We think that this text has many novel ideas in the composition and organization of the information that addresses the merging of many previously disparate areas of basic science. Appreciating these connections will be critical for future caregivers and biotech innovators seeking to improve healthcare. For example, potassium is critical for cells growth through stimulation via epidermal growth factor (EGF) and precipitous decreases in the intracellular potassium concentration can active the innate immune system complex called the inflammasome. Information like this that connects superficially disparate subsystems in human physiology and pathophysiology can inspire the asking of new questions, the posing of new hypotheses, and the reaching for new approaches.
Julian L. Seifter, MD is Distinguished Chair in Medicine at Brigham & Women’s Hospital in Boston MA. He is a Master Clinician Educator at the Brigham and the author of numerous textbook chapters and original research articles on renal disease and electrolyte physiology. He has trained generations of house staff and fellows in the Harvard hospitals as well as students at Harvard Medical School, and he has been the recipient of many teaching and mentoring awards. He is nationally recognized as a leading scholar in renal physiology and disease.

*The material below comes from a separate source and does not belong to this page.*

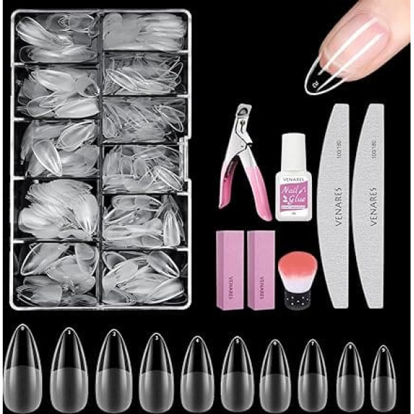 Миндальные короткие наконечники для гелевых ногтей, Venares Pack of 500 Soft Gel Tips Nails 10 Sizes Full Cover Nail Tips Almond Nail Tips Short Almond with Glue Nails Files Nail Buffer Nail Brush Nail Clippers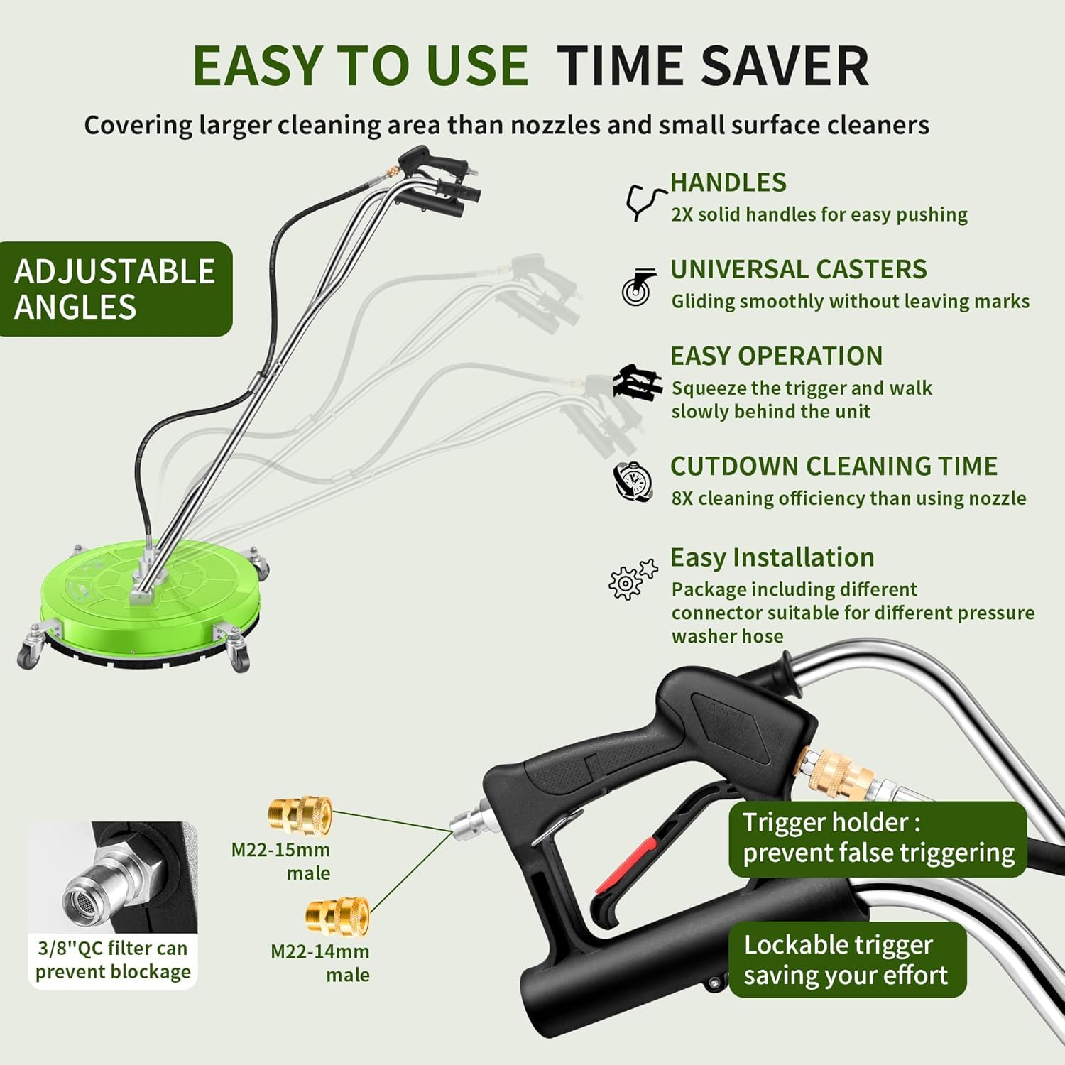 BROAD COMPATIBILITY – Works with gas/electric pressure washers (2,000-4,000 PSI). Features a 3/8'' QC inlet and 2 hose adapters to fit most power washer hoses. Trigger-lock design maintains continuous operation for effort-free use. Built-in debris filter prevents clogs for uninterrupted cleaning.

Elisa Walsh is a staff anesthesiologist who specializes in intensive care medicine, vascular anesthesia, and thoracic anesthesia. She is a Chief Resident of the Massachusetts General Hospital Anesthesia Residency Program and serves on the Education Committee and the Combined Base Year Committee. In addition to her work in the intensive care fellowship, anesthesia residency, and internship curricula, she became interested in the topic of preventing line complications during her residency. She had given several departmental lectures and produced local educational materials related to this topic.
David Sloane is an allergist-immunologist at the Brigham and Women’s Hospital, the Dana Farber Cancer Institute, and the West Roxbury VA. He is interested in complex systems, and human physiology is replete with them on multiple scales. Examples dear to his heart are the immune system, the nervous system, and signal transduction networks, but such systems scale up to human populations as we have seen in with the spread of infectious diseases like the SASR CoV-2 pandemic. He clings to an optimism that we will be able to understand the dynamics of complex systems deeply by modeling them mathematically.